DIRECTIONS: Without the pictures, copy the entries below word for word.

(Stored data)
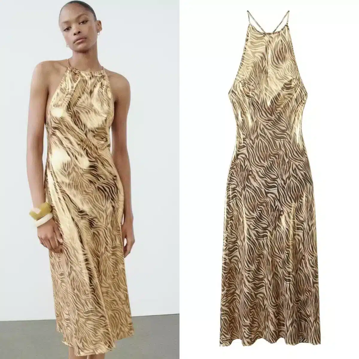 Si vous souhaitez étoffer votre garde-robe avec un vêtement chic et tendance, la robe léopard doré est un choix parfait. Son motif emblématique et sa couleur dorée apportent un charme unique à votre look, idéal pour se démarquer lors de n’importe quelle occasion. Que ce soit pour une soirée entre amis ou une journée décontractée en ville, cette robe saura captiver.
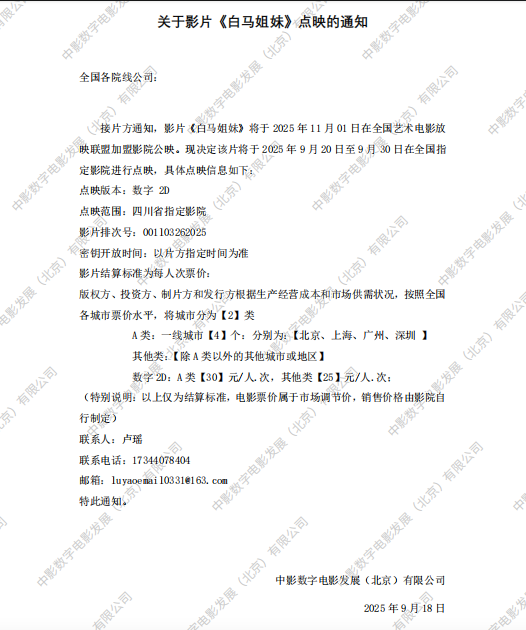 关于影片《我,许可》第二轮点映的通知
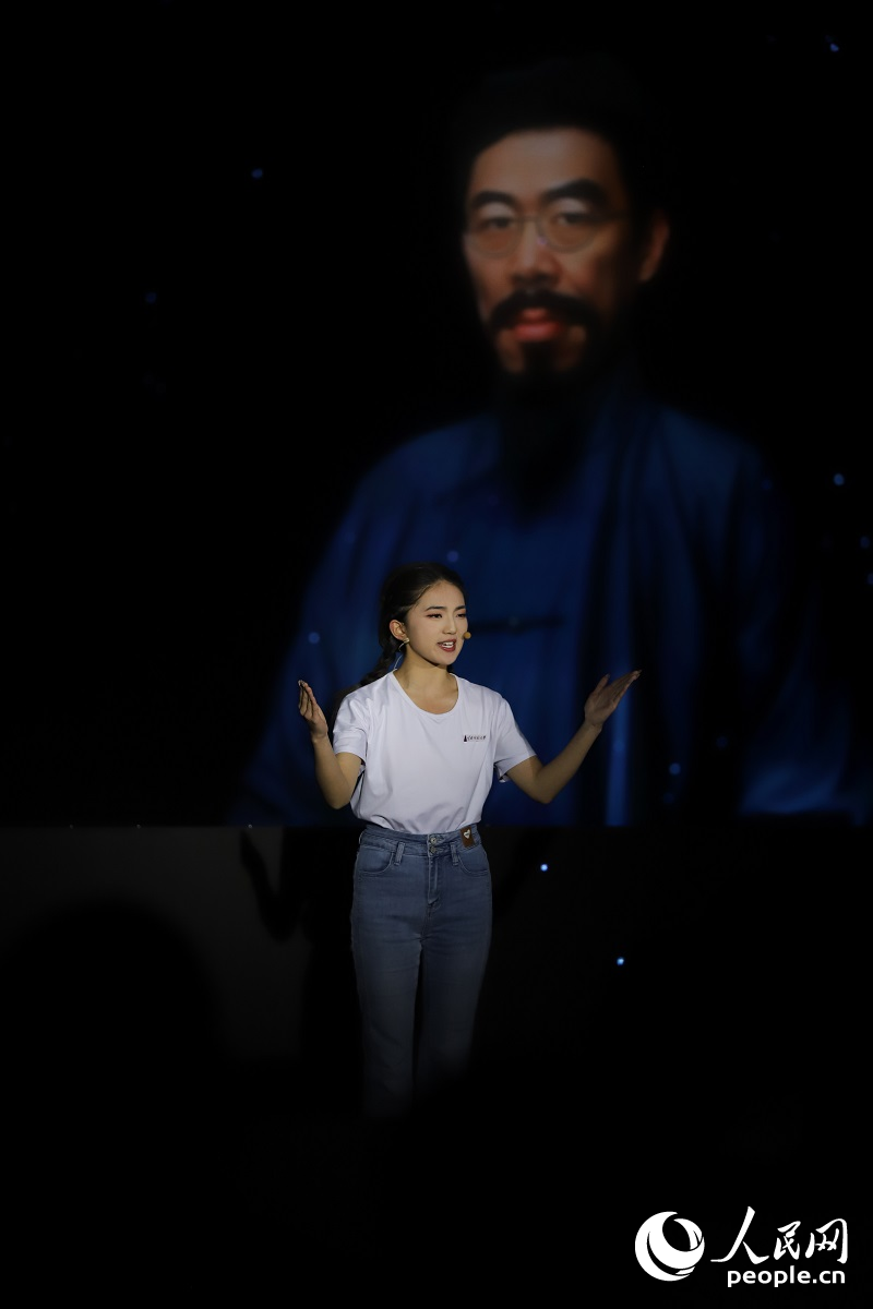数字人“闻一多”与青年学生隔空对话。人民网记者 李发兴摄
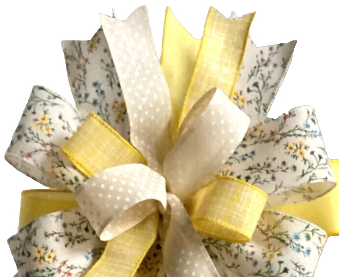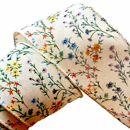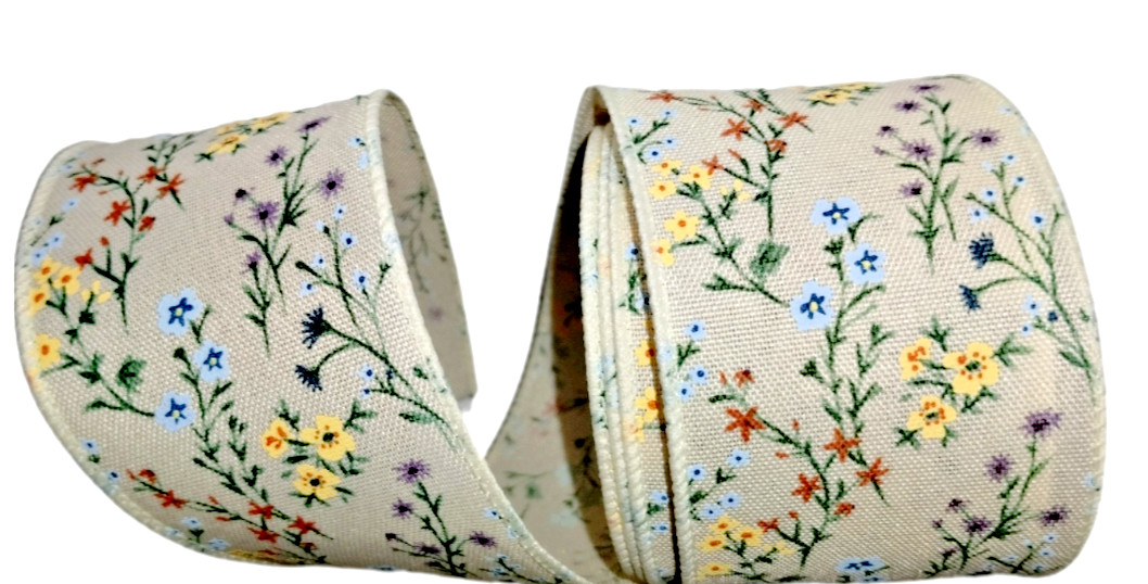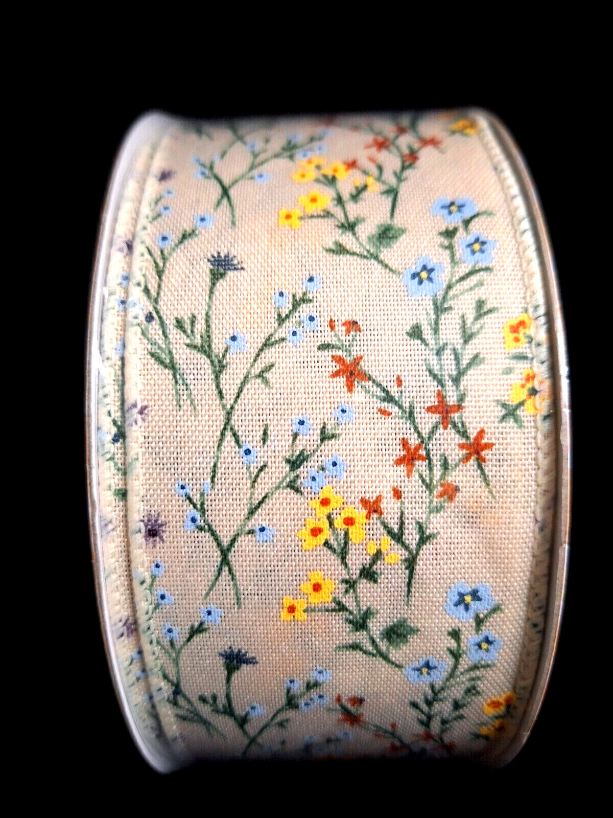 Floral 2.5 by 5 yards Beige Wired Ribbon Summer Wild Flowers Yellow Blue Green
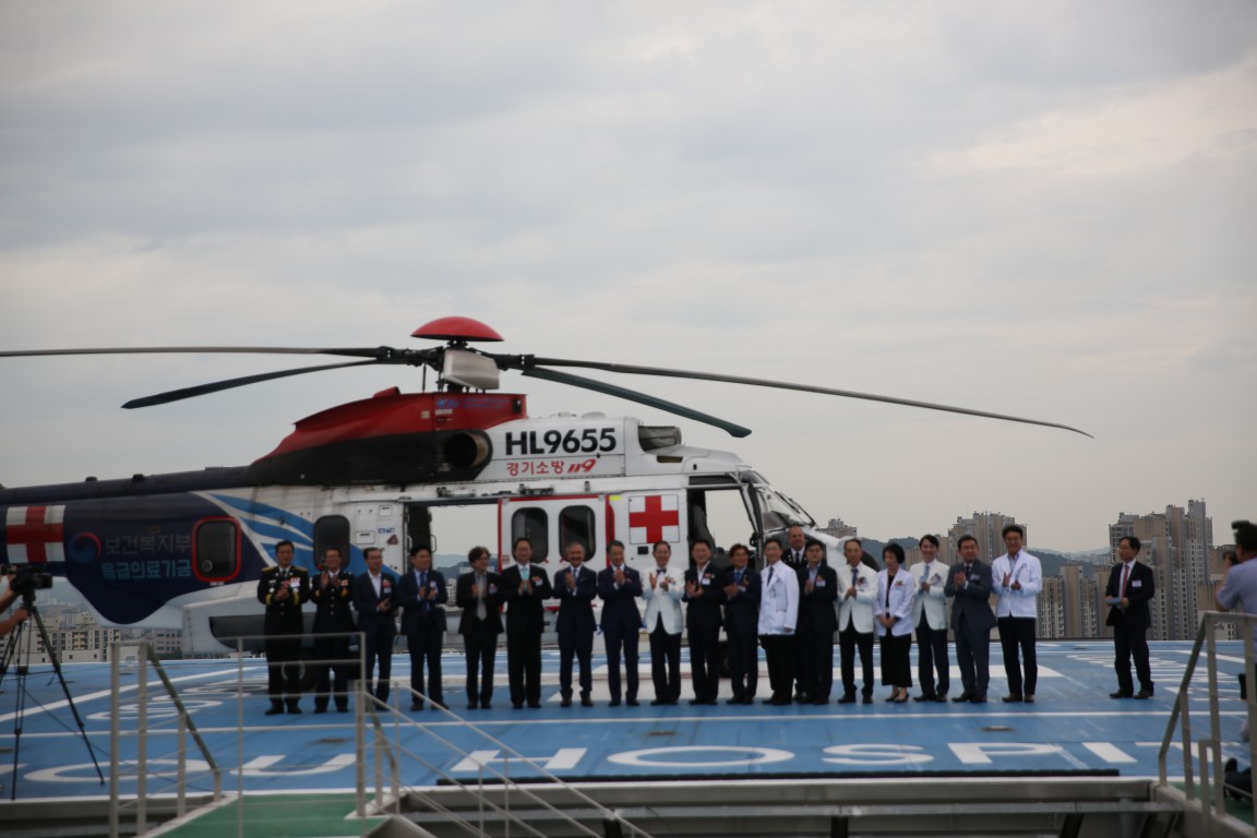 박형주 총장은 9월 6일 아주대학교 병원 15층 헬리패드에서 열린 닥터헬기 런칭식에 참석하였다. 인사말 하는 박형주 총장우리 학교 의료원이 닥터헬기 운항 시작을 알렸다.경기남부권역외상센터인 우리학교 의료원은 7번째 닥터헬기 출범식을 6일 개최했다. 우리 학교 의료원이 도입한 닥터헬기는 다른 권역에 도입된 6대와 달리 전국 최초로 24시간 운영된다. 행사에는 닥터헬기 도입에 앞장선 이국종 교수를 비롯해 유희석 의료원장, 박형주 총장, 박능후 보건복지부 장관, 김희겸 행정1부지사, Harry Harris 주한 미국대사, Michael Bills 미8군 사령관, 라울 코임브라 교수 등이 참석했다. 이국종 교수를 단장으로 한 은 닥터헬기를 활용해 예방가능 외상사망률을 줄이고, ▲경기 남‧북부 권역외상센터 지원 ▲예방가능외상사망 평가 ▲조사 및 개선방안 도출 ▲위기대응 수준 향상을 위한 소방·의료인력 교육 훈련 등을 통해 닥터헬기 운영 효율성을 높일 전망이다.앞서 우리 학교 의료원은 지난해 7번째 닥터헬기 운영소로 선정된 이후 응급환자를 효율적 치료를 위해 새로운 운영 방식을 시범사업으로 준비했다. 이에 따른 결과로 우리 학교 닥터헬기는 24시간 출동 대기하고, 구조 활동도 병행하게 됐다. 특히 고속도로에서 발생한 교통사고, 실족에 따른 추락사고 등으로 인한 중증외상환자를 구조해 병원이송 임무를 수행할 예정이다. 소방본부 구조대원 6명은 아주대학교로 파견돼 구조현장에 함께 출동하게 된다.이국종 교수는 "새로운 닥터헬기가 DMZ(비무장지대)부터 남해 섬등과 동해까지 대한민국 구석구석을 커버해 외상환자들의 생명을 구할 수 있는 기회를 줄 것 같다"며 "전국 외상의료 체계에 포함됐으면 좋겠다"고 말했다. 이어 이 교수는 "헬기 곳곳에 고(故) 윤한덕 센터장을 기리는 '아틀라스'를 새겼다"며 "그의 희생정신을 따르겠다"고 덧붙였다. 2011년 9월 운항을 시작한 닥터헬기는 올해 8월 말까지 약 9000번 출동해 환자 8300여 명을 이송했다. 우리 학교 의료원 닥터헬기는 전국에서 처음으로 중증외상환자 이송체계 구축을 위한 24시간 닥터헬기 1호로 지난달 31일부터 운항을 시작했다.

EXERCISE ANSWER:
 Si vous souhaitez étoffer votre garde-robe avec un vêtement chic et tendance, la robe léopard doré est un choix parfait. Son motif emblématique et sa couleur dorée apportent un charme unique à votre look, idéal pour se démarquer lors de n’importe quelle occasion. Que ce soit pour une soirée entre amis ou une journée décontractée en ville, cette robe saura captiver.
 关于影片《我,许可》第二轮点映的通知
数字人“闻一多”与青年学生隔空对话。人民网记者 李发兴摄
 Floral 2.5 by 5 yards Beige Wired Ribbon Summer Wild Flowers Yellow Blue Green
 박형주 총장은 9월 6일 아주대학교 병원 15층 헬리패드에서 열린 닥터헬기 런칭식에 참석하였다. 인사말 하는 박형주 총장우리 학교 의료원이 닥터헬기 운항 시작을 알렸다.경기남부권역외상센터인 우리학교 의료원은 7번째 닥터헬기 출범식을 6일 개최했다. 우리 학교 의료원이 도입한 닥터헬기는 다른 권역에 도입된 6대와 달리 전국 최초로 24시간 운영된다. 행사에는 닥터헬기 도입에 앞장선 이국종 교수를 비롯해 유희석 의료원장, 박형주 총장, 박능후 보건복지부 장관, 김희겸 행정1부지사, Harry Harris 주한 미국대사, Michael Bills 미8군 사령관, 라울 코임브라 교수 등이 참석했다. 이국종 교수를 단장으로 한 은 닥터헬기를 활용해 예방가능 외상사망률을 줄이고, ▲경기 남‧북부 권역외상센터 지원 ▲예방가능외상사망 평가 ▲조사 및 개선방안 도출 ▲위기대응 수준 향상을 위한 소방·의료인력 교육 훈련 등을 통해 닥터헬기 운영 효율성을 높일 전망이다.앞서 우리 학교 의료원은 지난해 7번째 닥터헬기 운영소로 선정된 이후 응급환자를 효율적 치료를 위해 새로운 운영 방식을 시범사업으로 준비했다. 이에 따른 결과로 우리 학교 닥터헬기는 24시간 출동 대기하고, 구조 활동도 병행하게 됐다. 특히 고속도로에서 발생한 교통사고, 실족에 따른 추락사고 등으로 인한 중증외상환자를 구조해 병원이송 임무를 수행할 예정이다. 소방본부 구조대원 6명은 아주대학교로 파견돼 구조현장에 함께 출동하게 된다.이국종 교수는 "새로운 닥터헬기가 DMZ(비무장지대)부터 남해 섬등과 동해까지 대한민국 구석구석을 커버해 외상환자들의 생명을 구할 수 있는 기회를 줄 것 같다"며 "전국 외상의료 체계에 포함됐으면 좋겠다"고 말했다. 이어 이 교수는 "헬기 곳곳에 고(故) 윤한덕 센터장을 기리는 '아틀라스'를 새겼다"며 "그의 희생정신을 따르겠다"고 덧붙였다. 2011년 9월 운항을 시작한 닥터헬기는 올해 8월 말까지 약 9000번 출동해 환자 8300여 명을 이송했다. 우리 학교 의료원 닥터헬기는 전국에서 처음으로 중증외상환자 이송체계 구축을 위한 24시간 닥터헬기 1호로 지난달 31일부터 운항을 시작했다.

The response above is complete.